Brisard and his company based their defence on an argument that either the reports had not been downloaded within the jurisdiction of the court, or that if they had been downloaded, it was only by Al Amoudi's legal team, friends and business associates – and therefore, they claimed, "reliance upon such publications amounts to an abuse of process".
If any publication were proved, continued the defendants, it would result in "no more than nominal damages" – so the cost of pursuing the action would be "wholly disproportionate to the outcome". English courts will consider the number of readers of a libellous statement in gauging the level of damages to award.
Traffic figures showed, according to the judgment, that "the number of hits on the website from the United Kingdom has been few" – although some of the logs were missing. The monthly stats showed "a large number of hits" where the country was unknown or unrecorded; but Mr Justice Gray said the question of whether some of these came from England remains open. (There are no figures in the judgment and no analysis of the distinctions between hits, page impressions and unique visitors.)
The traffic was important for another reason. An internet libel case last year – coincidentally involving allegations about another businessman's links with Bin Laden – established that a claim based on nominal readership could be struck out as an abuse of the court's process.
Al Amoudi argued in the present case that "it should be assumed, unless and until the contrary is proved, that material available on the Internet will have been read by a substantial number of readers in the jurisdiction."
Not so, said the defence team. Publication over the internet takes place if and only if the material is accessed and downloaded by a third party within the jurisdiction. Sure, a jury at trial may draw an inference to this effect, it acknowledged; but at this interim stage, Al Amoudi does not and cannot assert that a jury would be perverse not to do so.
Mr Justice Gray concluded that the claimant must prove that the material was accessed and downloaded. He also made reference to last year's case – Yousef Jameel's action against Dow Jones, in which only five people in England had been shown to have clicked a link to an allegedly defamatory item, including Mr Jameel's solicitor and two of his business associates. Since the damage to Mr Jameel's reputation was minimal, in the Court of Appeal's view, only "very modest damages" would have been available after what would have been a lengthy and expensive trial. So the case was thrown out.

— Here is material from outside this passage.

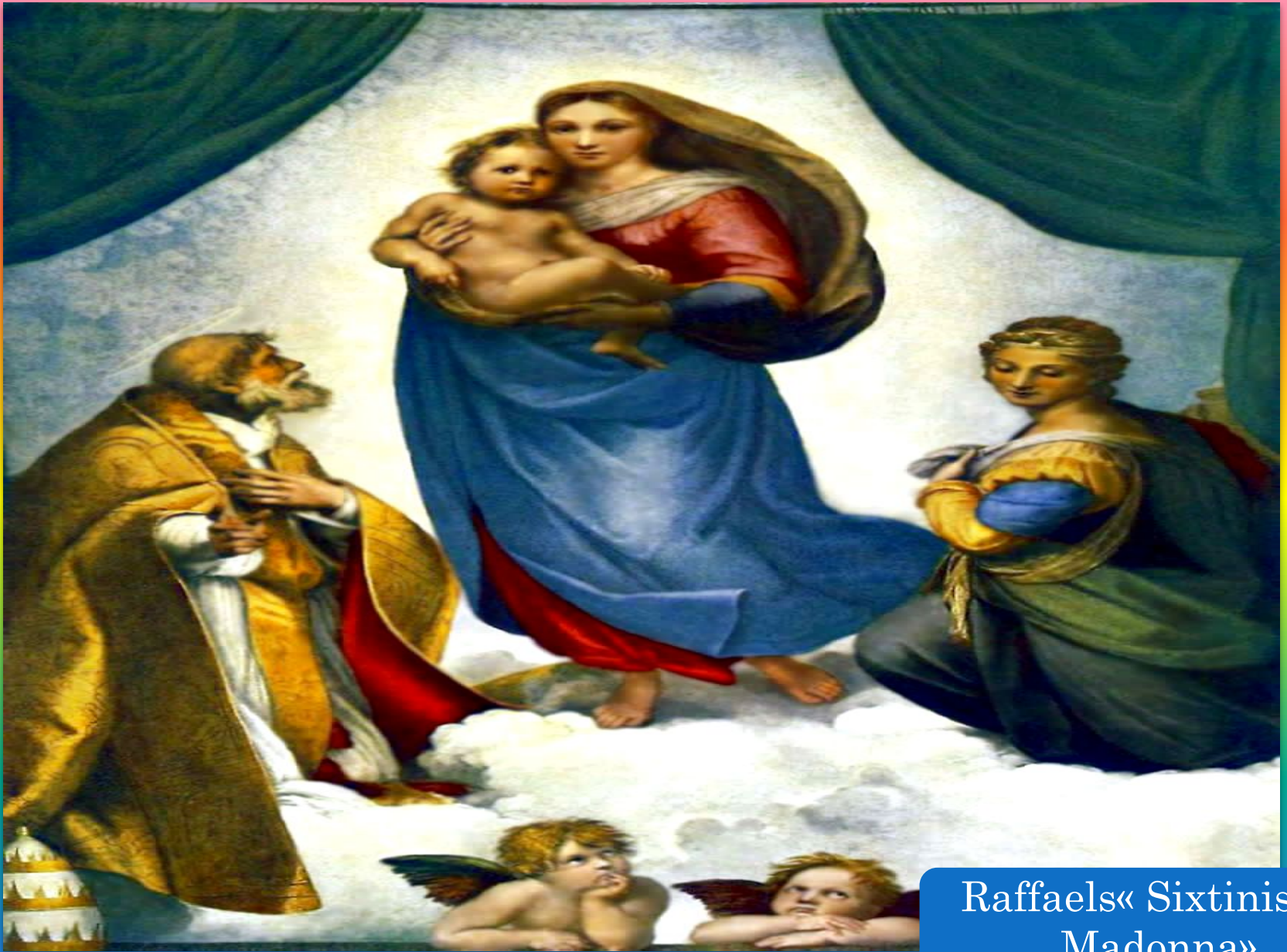
Raffaels « Sixtinische Madonna »

Mr Justice Gray suggested that the Court of Appeal in Jameel's case would not have supported a presumption of publication. He continued: "I am unable to accept that under English law a claimant in a libel action on an Internet publication is entitled to rely on a presumption of law that there has been substantial publication."
Accordingly, the application for summary judgment was refused on 12th May. Last Tuesday, the High Court was told that the parties had agreed settlement terms.

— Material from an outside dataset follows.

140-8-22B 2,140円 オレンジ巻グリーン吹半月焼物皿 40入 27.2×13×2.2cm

A statement was read in court for Mr Alamoudi, saying he is "implacably opposed to terrorism in all its forms."
"He has never had any connection whatsoever with Osama bin Laden, Al Qaeda or any other terrorist organisation or group," it continued.
Mr Brisard confirmed that information that led him to make the allegations "turned out to be false," and admitted wrongly accusing Mr Al Amoudi of having terrorist connections. He and his company said they "deeply regret" the embarrassment caused and offered their "sincere apologies".
"The parties have come to terms, which remain confidential, as to damages payable to Mr Al Amoudi and the costs of these proceedings," read the statement.
Les Christy, a barrister and senior associate with Pinsent Masons, the law firm behind OUT-LAW.COM, described the case as "a helpful illustration of the principle" in the Jameel case last year. "If the potential damages which might be recovered are negligible – because there has been no real harm to the claimant's reputation in this jurisdiction – and out of proportion to the potential expense of the proceedings and vindication that the claimant might expect to obtain at trial, then the court may dismiss those proceedings at as an abuse of process," he said. "This principle dovetails with the overriding objective of our Civil Procedure rules which require Courts to deal with claims in a manner which is proportionate to the amount of money involved."